Quote every line below exactly and skip any picture.

╭─ Source data

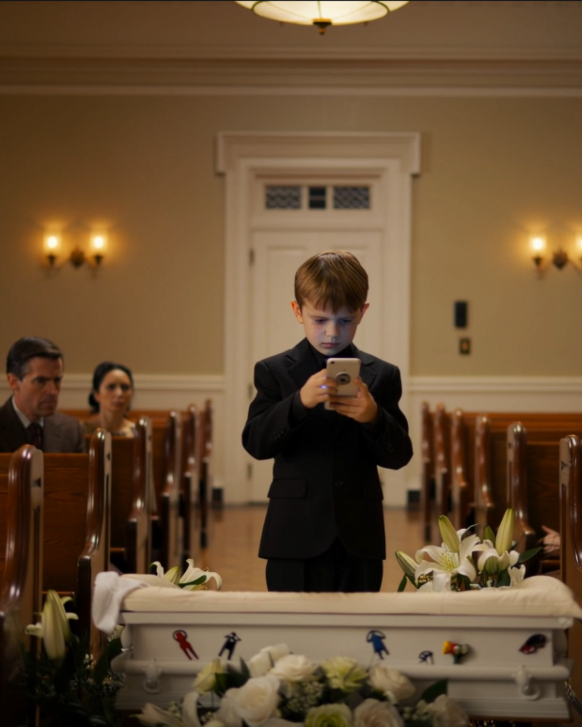 The first thing I noticed wasn’t the flowers, or the hush, or even the small white casket at the front. It was the little American flag outside the funeral home, snapping in a tired wind like it had its own grief to work through. Someone’s truck in the lot had a faded flag magnet slapped crooked on the tailgate, and for a second my brain latched onto that—anything simple, anything ordinary—because nothing about burying your seven-year-old is supposed to feel real. The funeral director offered paper cups of iced tea near a table of tissues and prayer cards. A low Sinatra song drifted from a speaker in the lobby, the kind of polite background music that pretends a room isn’t breaking.
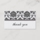 Say thank you in style with these elegant black and white damask thank you cards. Size is that of a business card. Could be customised to a larger card if requested.
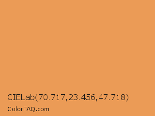 CIELab 70.717,23.456,47.718 Color is a light orange color and the nearest color is Big Foot Feet #e88e5a. Hex code #eb9b56 and RGB value is rgb(235,155,86). In RGB color space, this color is composed of 92% red, 61% green, 34% blue, In CMYK color space, this color is composed of 0% cyan, 34% magenta, 63% yellow , 8% black , In HSL color space, this color has a hue angle of 28° , 79% saturation and 63% lightness.
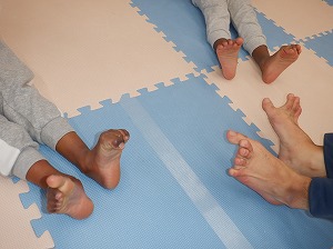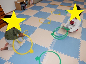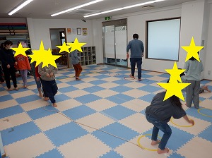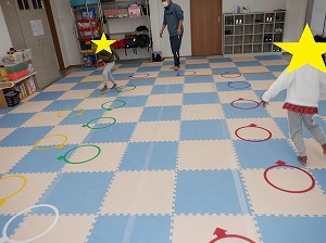 (最後はフープを使ってカンガルージャンプの練習も組み込みました!両足跳びも上手になりましたね☆)

╰─

- [Answer box]
 The first thing I noticed wasn’t the flowers, or the hush, or even the small white casket at the front. It was the little American flag outside the funeral home, snapping in a tired wind like it had its own grief to work through. Someone’s truck in the lot had a faded flag magnet slapped crooked on the tailgate, and for a second my brain latched onto that—anything simple, anything ordinary—because nothing about burying your seven-year-old is supposed to feel real. The funeral director offered paper cups of iced tea near a table of tissues and prayer cards. A low Sinatra song drifted from a speaker in the lobby, the kind of polite background music that pretends a room isn’t breaking.
 Say thank you in style with these elegant black and white damask thank you cards. Size is that of a business card. Could be customised to a larger card if requested.
 CIELab 70.717,23.456,47.718 Color is a light orange color and the nearest color is Big Foot Feet #e88e5a. Hex code #eb9b56 and RGB value is rgb(235,155,86). In RGB color space, this color is composed of 92% red, 61% green, 34% blue, In CMYK color space, this color is composed of 0% cyan, 34% magenta, 63% yellow , 8% black , In HSL color space, this color has a hue angle of 28° , 79% saturation and 63% lightness.
 (最後はフープを使ってカンガルージャンプの練習も組み込みました!両足跳びも上手になりましたね☆)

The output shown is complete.